--- START ---

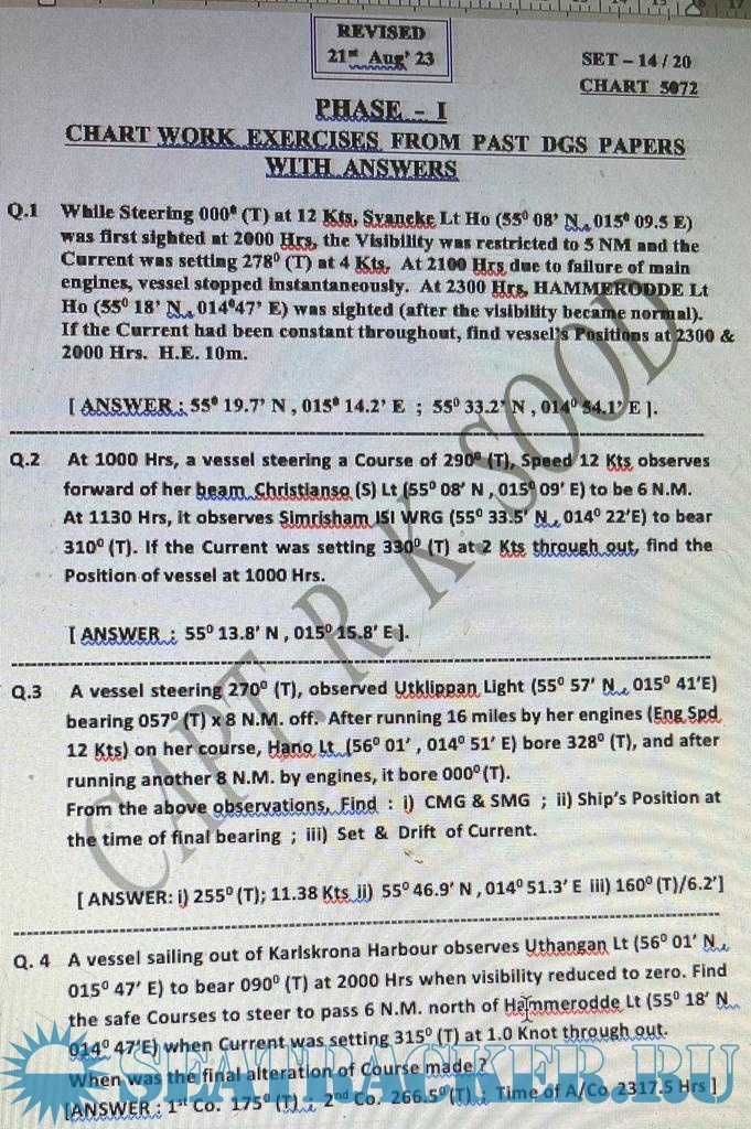 Year: 2023 Language: English Author: Capt RK Sood Genre: Guide Format: PDF Quality: Photo of pages Pages count: 21 Description: Paper : Terrestrial & Coastal Navigation: for Mercantile Marine Department (MMD), India Examinations for Phase I (Chief Mate F.G.) - Chart Work Question Set with answers by Capt. R K Sood. Additional info: Answer set:
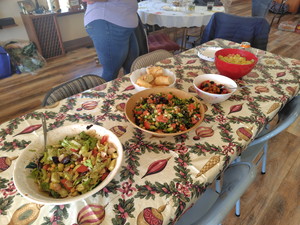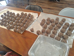 の友人の家にミートボールを作りに行く約束をしていたそうなので、私も一緒に行きました。何人かで協力して作ったので500個ほどのミートボールができました。お昼はそのお肉でハンバーグを作ってもらい、バイキング形式でサラダも食べました。John
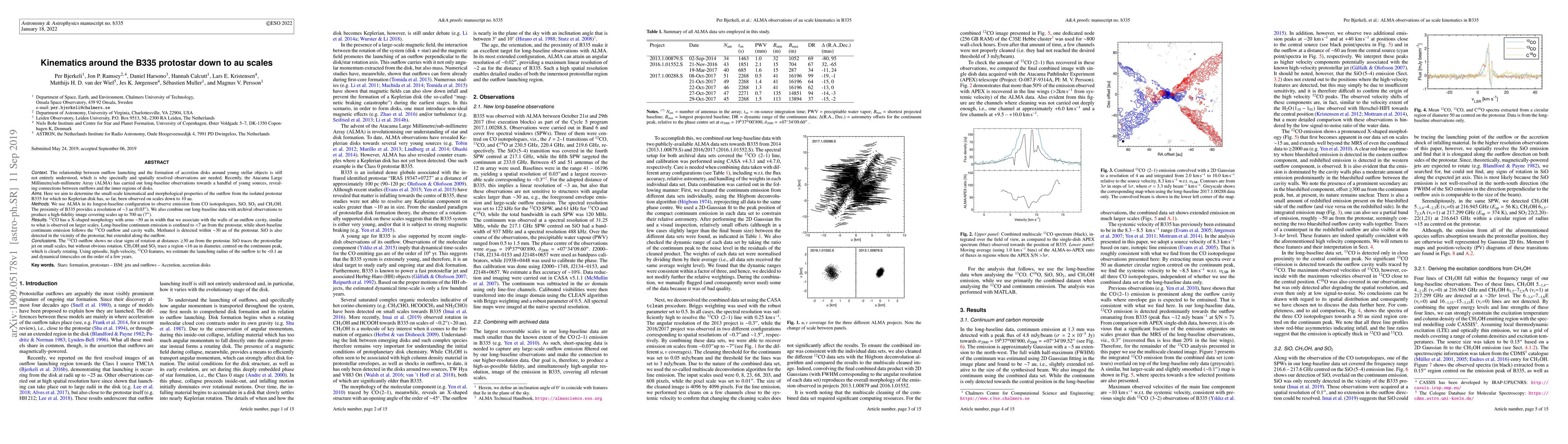 This study uses ALMA to investigate the kinematics and morphology of the outflow from the protostar B335, revealing an X-shaped CO outflow and a rotating region traced by CH$_3$OH and SO$_2$ within ~16 au. The outflow launching radius is estimated to be <0.1 au, with dynamical timescales of a few years.

--- END ---

Whatever lies between the first line of the data and the line holding "の友人の家にミートボールを作", inclusive, should be repeated exactly, apart from the pictures.

 Year: 2023 Language: English Author: Capt RK Sood Genre: Guide Format: PDF Quality: Photo of pages Pages count: 21 Description: Paper : Terrestrial & Coastal Navigation: for Mercantile Marine Department (MMD), India Examinations for Phase I (Chief Mate F.G.) - Chart Work Question Set with answers by Capt. R K Sood. Additional info: Answer set:
 の友人の家にミートボールを作りに行く約束をしていたそうなので、私も一緒に行きました。何人かで協力して作ったので500個ほどのミートボールができました。お昼はそのお肉でハンバーグを作ってもらい、バイキング形式でサラダも食べました。John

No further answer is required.